Devido a todas essas lutas marcantes realizadas pelo povo latino, o grupo musical afirma “Soy un discurso político sin saliva”, pois ser latinoamericano é carregar o heroísmo de Che Guevara, a rebeldia de Fidel Castro, a solidariedade de Simon Bolívar e todas as outras características dos diversos heróis desses povos.  Quando o grupo musical traz “Soy la fotografía de un desaparecido”, busca trazer a memória dos milhares de desaparecidos durante as Ditaduras Militares no Cone Sul. E também busca afirmar que por carregar todas as marcas das múltiplas opressões e explorações vivenciadas iria manter uma postura rebelde e de enfrentamento aos seus exploradores, essa postura é evidenciada a partir do trecho “Tampoco pestañeo cuando te miro”, isso indica que não nos amedrontamos, mas sim enfrentamos as mazelas e aqueles que as trazem.

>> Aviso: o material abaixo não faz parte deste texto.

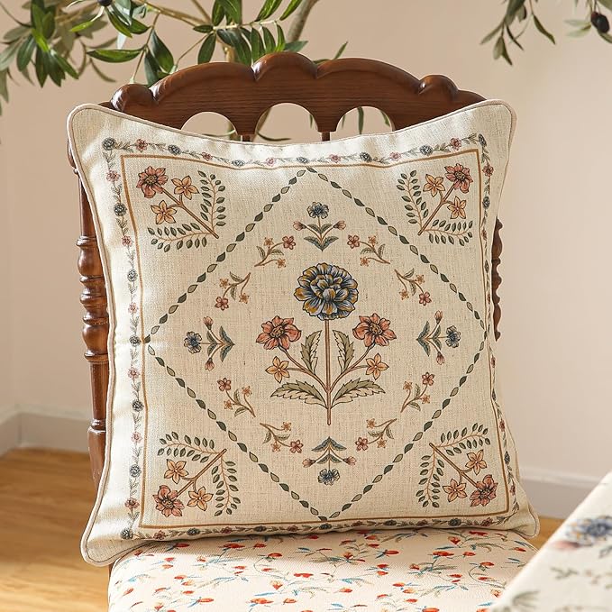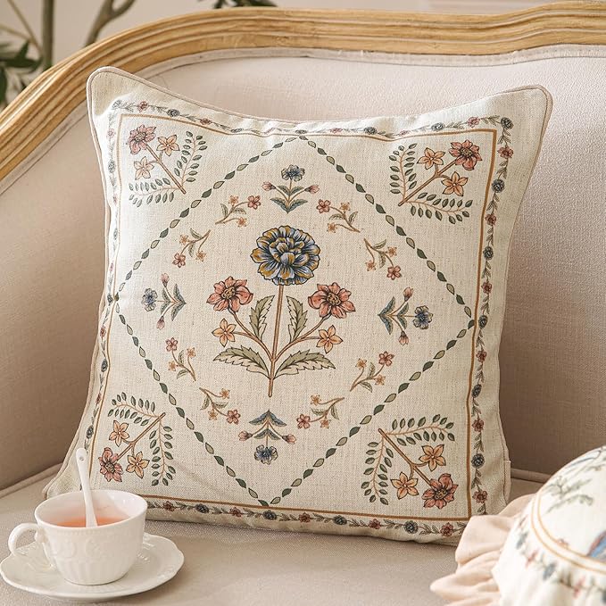Design Square Floral Linen Throw Pillow Covers 18"x18" Pack of 2, Yellow Pink Flower Pattern Cushion Covers Decor Pillowcases for Bed,Living Room,Outdoor,Car

Vale ressaltar que, mesmo com todos os ataques vivenciados pelos povos latinos, aqui ainda adotamos uma postura menos individualista [“Aquí se comparte, lo mío es tuyo”]. Essa solidariedade latino-americana é totalmente demonstrada pela diplomacia médica cubana, que busca sempre enviar médicos a qualquer parte do mundo que esteja necessitada desse auxílio, e também pela postura da Venezuela, que mesmo enfrentando uma pesada sabotagem econômica interna e externa, também enviou médicos para o exterior para ajudar no enfrentamento à pandemia de Covid-19. Além disso, a música reafirma a força dos povos latinos também no trecho “Este pueblo no se ahoga con marullo/Y si se derrumba yo lo reconstruyo”, ou seja, mesmo com as intervenções, ataques e bloqueios imperialistas, o povo latinoamericano se mantém de pé e caminhando rumo à construção de um futuro melhor, somos “El amor en los tiempos del cólera, ¡mi hermano!”, somos companheirismo em tempo de individualismo.

Mesmo possuindo todas nossas riquezas roubadas, possuímos tudo que precisamos. [“Todo lo que necesito, tengo a mis pulmones respirando azul clarito”] Essa frase nos traz uma importante informação, que os territórios latinos são autossustentáveis, ou seja, nós não precisamos das potências, as potências precisam de nós. Sendo assim, devemos formar uma unidade latino-americana. “Vamos caminando, aqui se respira lucha, vamos caminhando, yo canto porque se escucha, vamos dibujando el caminho, vamos caminhando, aqui estamos de pie. ¡Que viva la América! No puedes comprar mi vida.”. A solução para as mazelas geradas pelo capitalismo deve ser construída através de muitas lutas e a América Latina deve decidir sem influência das potências capitalistas o caminho a ser percorrido para se combater a pobreza e a miséria dentro da sociedade, além disso é necessário nos mantermos de pé, pois conforme Che Guevara disse “Os grandes só são grandes pois estamos ajoelhados”. Viva a [verdadeira] América.

[1] GALEANO, Eduardo. As veias abertas da América Latina. 12. Edição. São Paulo: L&PM, 1999.